Confession from a young d-word

It is the first Monday of the month, so it is Medical Monday.  If you are medical or related in some way, it is a fabulous link up to meet others in the medical world.  Check out their posts for all kinds of interesting topics!

Confession:  I feel uncomfortable telling people what I do for a living.

Actually, I am fine with telling people I am a medical resident in radiation oncology.  I am fine with telling people I am a wife.  

Image from adventureandattitude.com.

I am not fine with telling people I am a doctor.  Because rightly or wrongly, I find it awkward.

Even though I talk about it on this blog all the time.  Because that is part of the purpose of me writing is to talk about adventures in medicine.

Maybe it is an internal inferiority complex (or superiority complex).   I am not old enough/smart enough/experienced enough.  But, I think it is more the pressure that comes from society.    

I just don’t want people to see me primarily as a doctor.  I just want to be Trisha, Patrick’s wife.  Or so and so’s friend.  Or my parents’ daughter. 

I am probably paranoid.

But, people ooh and ah at medical school.  And I get that it is something that a lot of people don’t get to do.  I get that it is a big deal.  But, for me… For us, it is normal.  I don’t want people to act like it is a big deal.  I don’t want them to ignore that it is tough, but I don’t need people to talk about it.

Most people don’t act differently around me.  Most people.   And why should they?  But, some then assume we have a ton of money, or that I can answer their health questions in the middle of the party, or that we can go anywhere we want to work.  And I get that some of it is just not knowing someone who has gone through it before or whatever.  And most of it is under the best of intentions.  But, some of it edges on rude or ignorant (strong words… yes, but that is what passes through my head sometimes when I get hammered with a ton of assumptions in weird places).  And those edges kill me a bit, so I prefer to avoid them.
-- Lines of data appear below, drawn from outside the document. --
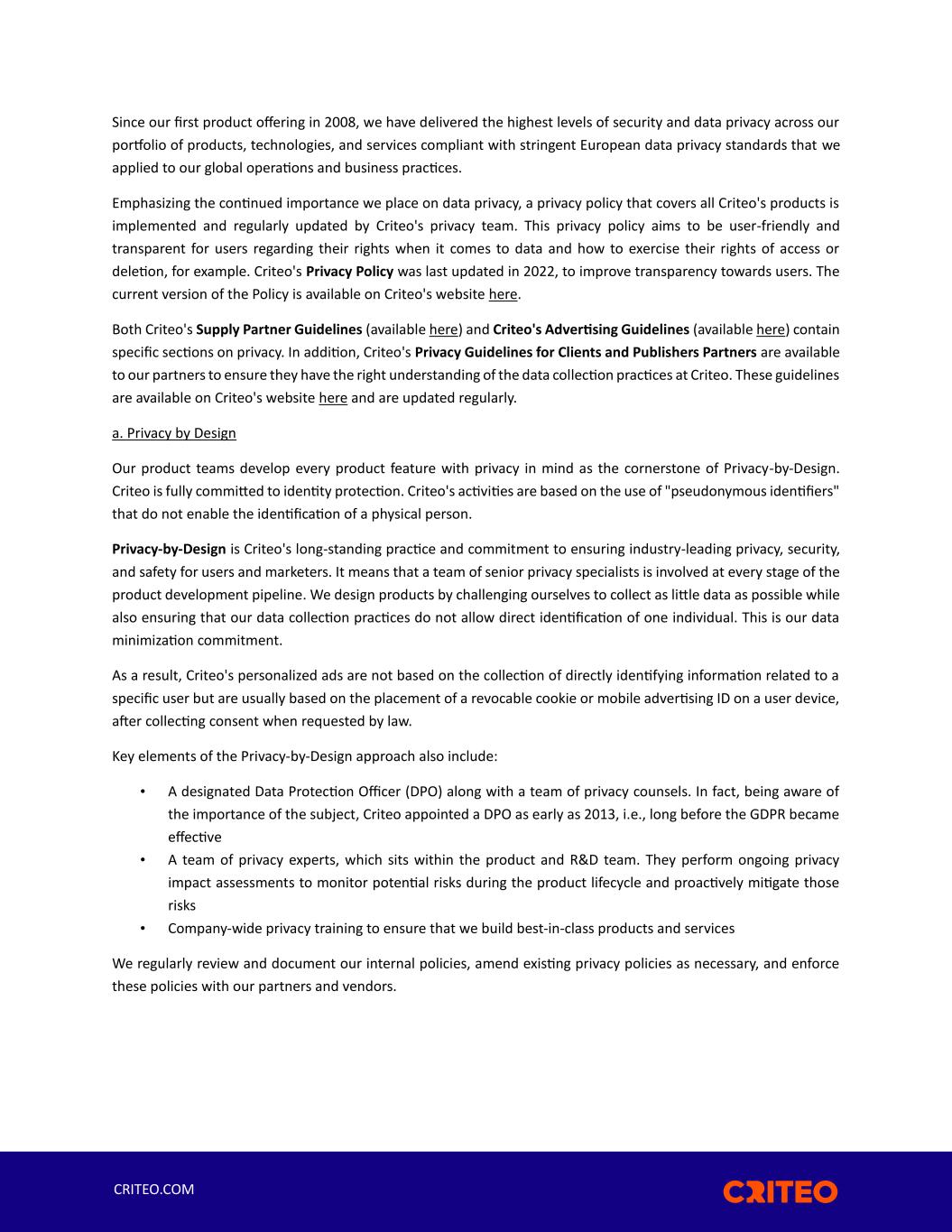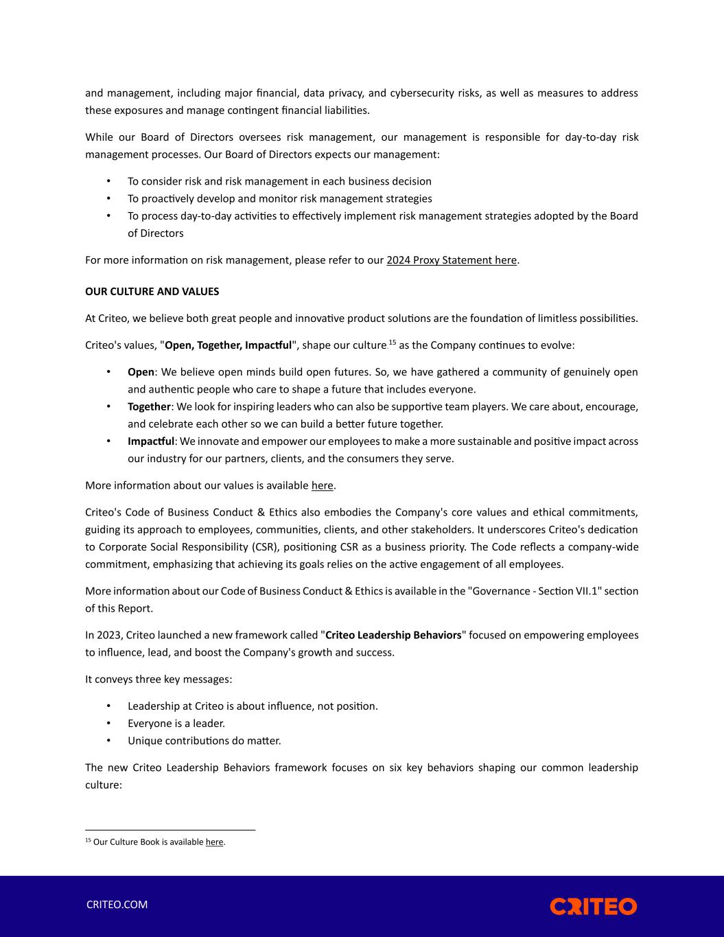 CRITEO.COM and management, including major financial, data privacy, and cybersecurity risks, as well as measures to address these exposures and manage contingent financial liabilities. While our Board of Directors oversees risk management, our management is responsible for day-to-day risk management processes. Our Board of Directors expects our management: • To consider risk and risk management in each business decision • To proactively develop and monitor risk management strategies • To process day-to-day activities to effectively implement risk management strategies adopted by the Board of Directors For more information on risk management, please refer to our 2024 Proxy Statement here. OUR CULTURE AND VALUES At Criteo, we believe both great people and innovative product solutions are the foundation of limitless possibilities. Criteo's values, "Open, Together, Impactful", shape our culture14F 15 as the Company continues to evolve: • Open: We believe open minds build open futures. So, we have gathered a community of genuinely open and authentic people who care to shape a future that includes everyone. • Together: We look for inspiring leaders who can also be supportive team players. We care about, encourage, and celebrate each other so we can build a better future together. • Impactful: We innovate and empower our employees to make a more sustainable and positive impact across our industry for our partners, clients, and the consumers they serve. More information about our values is available here. Criteo's Code of Business Conduct & Ethics also embodies the Company's core values and ethical commitments, guiding its approach to employees, communities, clients, and other stakeholders. It underscores Criteo's dedication to Corporate Social Responsibility (CSR), positioning CSR as a business priority. The Code reflects a company-wide commitment, emphasizing that achieving its goals relies on the active engagement of all employees. More information about our Code of Business Conduct & Ethics is available in the "Governance - Section VII.1" section of this Report. In 2023, Criteo launched a new framework called "Criteo Leadership Behaviors" focused on empowering employees to influence, lead, and boost the Company's growth and success. It conveys three key messages: • Leadership at Criteo is about influence, not position. • Everyone is a leader. • Unique contributions do matter. The new Criteo Leadership Behaviors framework focuses on six key behaviors shaping our common leadership culture: 15 Our Culture Book is available here.
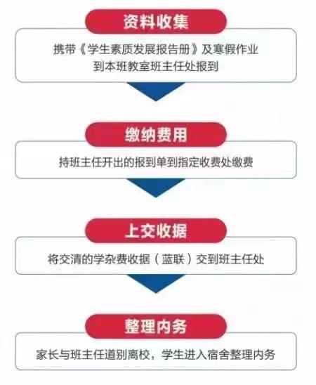 新春伊始,万象更新。在这春暖花开之际,最好的遇见便是“久别重逢”,新学期,新期待,让我们一起奋发向上、蓄力逐梦,以全新的姿态乘风破浪、大展鸿“兔”!为让孩子做好入学准备,更快适应学校学习和生活,现将相关事宜与您沟通如下: 一、报到时间 2023年2月6日(正月十六),当天正常晚自习。 二、报到程序
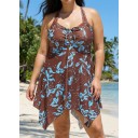 Brown Blue Tropical Leaf Modest Drawstring Asymmetrical Hem Plus Size Swimsuit One Piece Swimdress
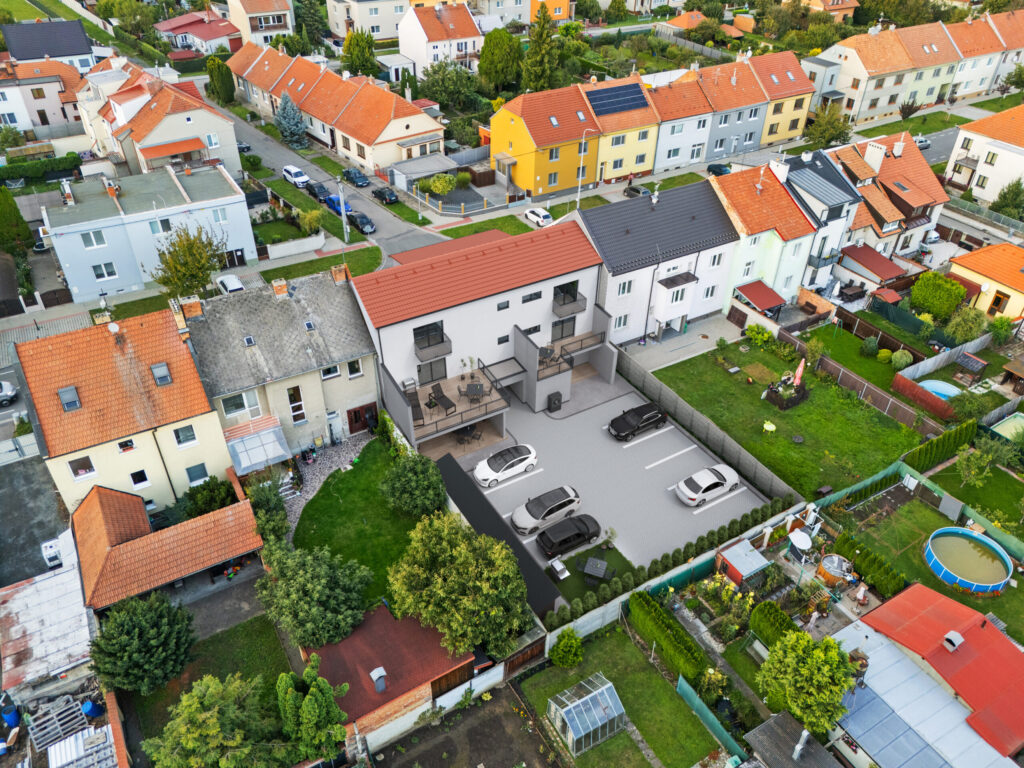 Parkování je možné přímo ve dvoře, kde jsou umístěny také sklepní koje pro každý byt.

I know my family is proud of me.  That my husband thinks it is cool to tell people his wife is a doctor.  That sometimes it is useful to mention.  That it is normal to talk about your job in a conversation.
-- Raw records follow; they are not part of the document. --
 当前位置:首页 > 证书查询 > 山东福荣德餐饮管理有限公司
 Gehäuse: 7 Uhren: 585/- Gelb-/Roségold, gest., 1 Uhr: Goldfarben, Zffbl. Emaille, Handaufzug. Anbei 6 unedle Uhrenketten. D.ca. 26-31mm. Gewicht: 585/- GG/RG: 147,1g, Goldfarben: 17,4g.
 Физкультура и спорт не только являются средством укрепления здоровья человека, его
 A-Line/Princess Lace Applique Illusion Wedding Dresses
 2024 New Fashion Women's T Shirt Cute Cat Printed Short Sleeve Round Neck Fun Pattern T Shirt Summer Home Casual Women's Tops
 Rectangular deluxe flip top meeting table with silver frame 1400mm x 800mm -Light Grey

So, I shouldn’t be quite so weird about it.

To me, a job is just a piece of a person.  It doesn’t define a person.  In medicine, it becomes a big chunk of a person because you invest so much in it.  But, that doesn’t make it extra special.

For some people, they think it does.  It makes me crazy when people define themselves by pointing out to everyone that they are in med school or that they are a doctor or a lawyer or a teacher to everyone they meet.

I feel like telling people I am a doctor is bragging.  That I am saying “Look at me, I have been in school for a million years and I am book smart.”  I don’t want to brag.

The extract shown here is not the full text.